Buraya kadar yaptığımız açıklamalarla ayetin bu bölümündeki “lehu ma fi's-semavati ve ma fi'l-erd”, “lehu/Ona aittir” ifadesinin hem milkiyete hem de mülkiyete bakan bölümüne değindik.
“Ma fi's-semavat/göklerde bulunanlar”
Ayette neden ‘men/kim' değil de ‘ma/şey' denildiğini incelemeye çalışacağız. Bilindiği gibi arapçada ‘men' ism-i mevsulu akıl, bilinç ve şuur sahibi, olan varlıkları yani insanlar vd ifade etmektedir. Ma ism-i mevsul-u ise genelde taş, toprak, ağaç, ot, inek gibi bilinç ve akıldan yoksun olarak kabul ettiğimiz varlıklar için kullanılmaktadır. Ayet-i kerimede neden ‘men' yerine ‘ma' ism-i mevsulu kullanılmıştır acaba!?
Bu konuya değinen bazı müfessirler vardır. Bu soruya verilen cevapları ikiye ayırabiliriz.
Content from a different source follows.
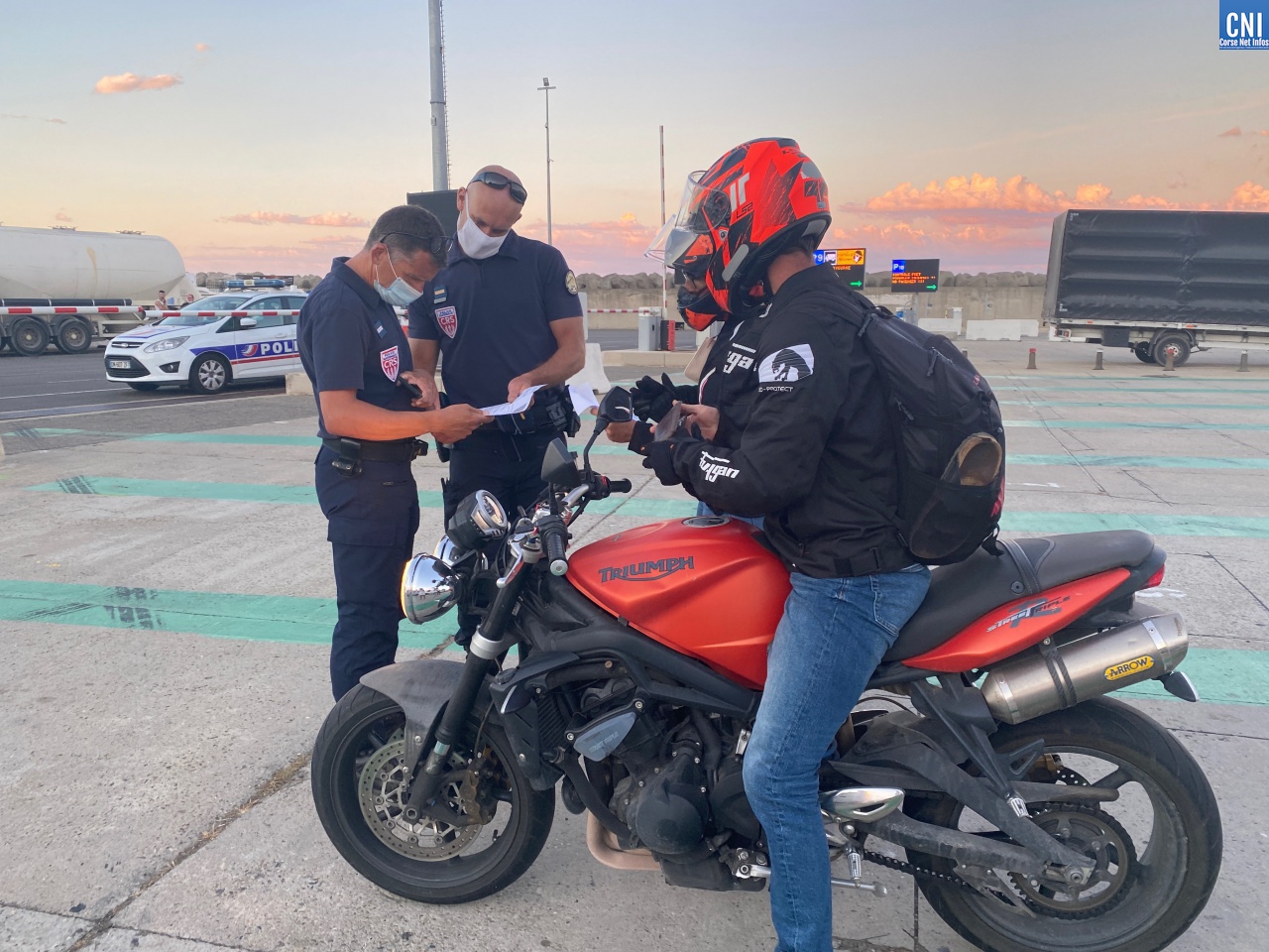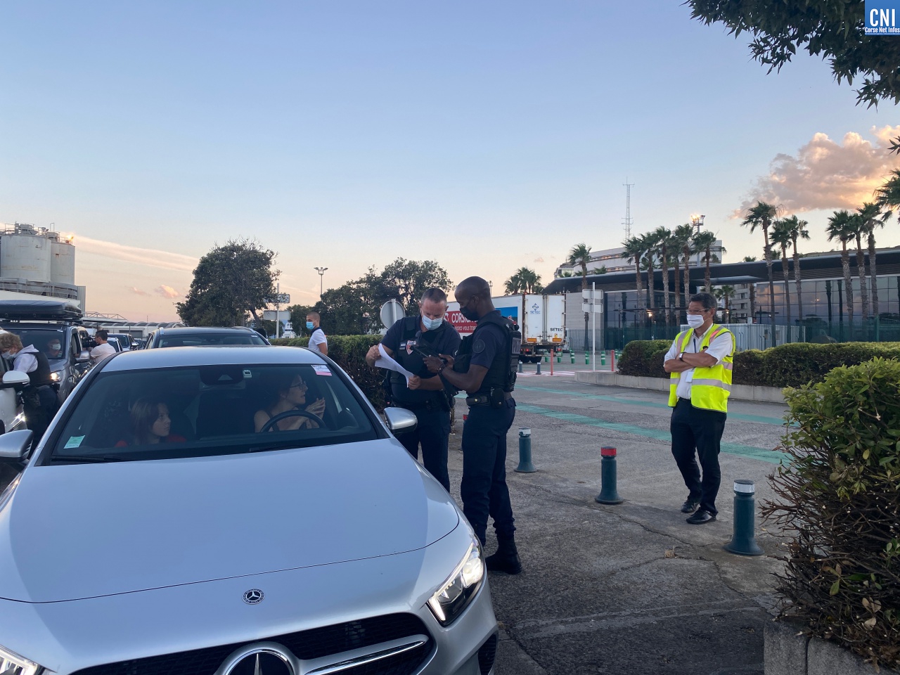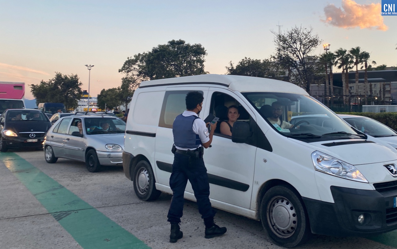 Il est 20h30 et le vent souffle fort sur le port de Bastia, le bateau en provenance de Nice qui devait arriver à 20 heures a du retard ce jeudi 8 juillet. A 20h45, les premières voitures descendent du navire. C'est la délivrance pour les 1 002 passagers. Après avoir avancé une cinquantaine de mètres en direction de la sortie, Loïc et Delphine sont vites coupés dans leur lancée. "Contrôles de pass sanitaire", lance une jeune policière masquée. Le conducteur baisse la vitre et comprend qu'il faut récupérer les QR codes. La policière les scanne sous l'œil attentif du préfet de Haute-Corse, François Ravier, placé quelques mètres en arrière. "Tout est bon, vous pouvez y aller. Bonne vacances". Loïc et Delphine, venus d'Ile-de-France vont pouvoir rejoindre leur lieu de vacances sereinement.

İlki, ‘galebe' cevabı. Yani varlık sahasına baktığımızda genel ve çoğunluğu göz önüne alır, ona göre cevap veririz. Çoğunluğu söyleyince az ve nadir olanlar kendiliğinden bu işin içine girerler.
Kurtubî bu cevaba çok kısa bir şekilde işaret eder. O şöyle der: Göklerde ve yerde bulunan*lar arasında akıl sahibi varlıklar da bulunmakla birlikte (akıl sahibi olmayan varlıklar hakkında kullanılan) edatın kullanılması maksadın genel ve bütün varlıklar oluşundan dolayıdır.[3]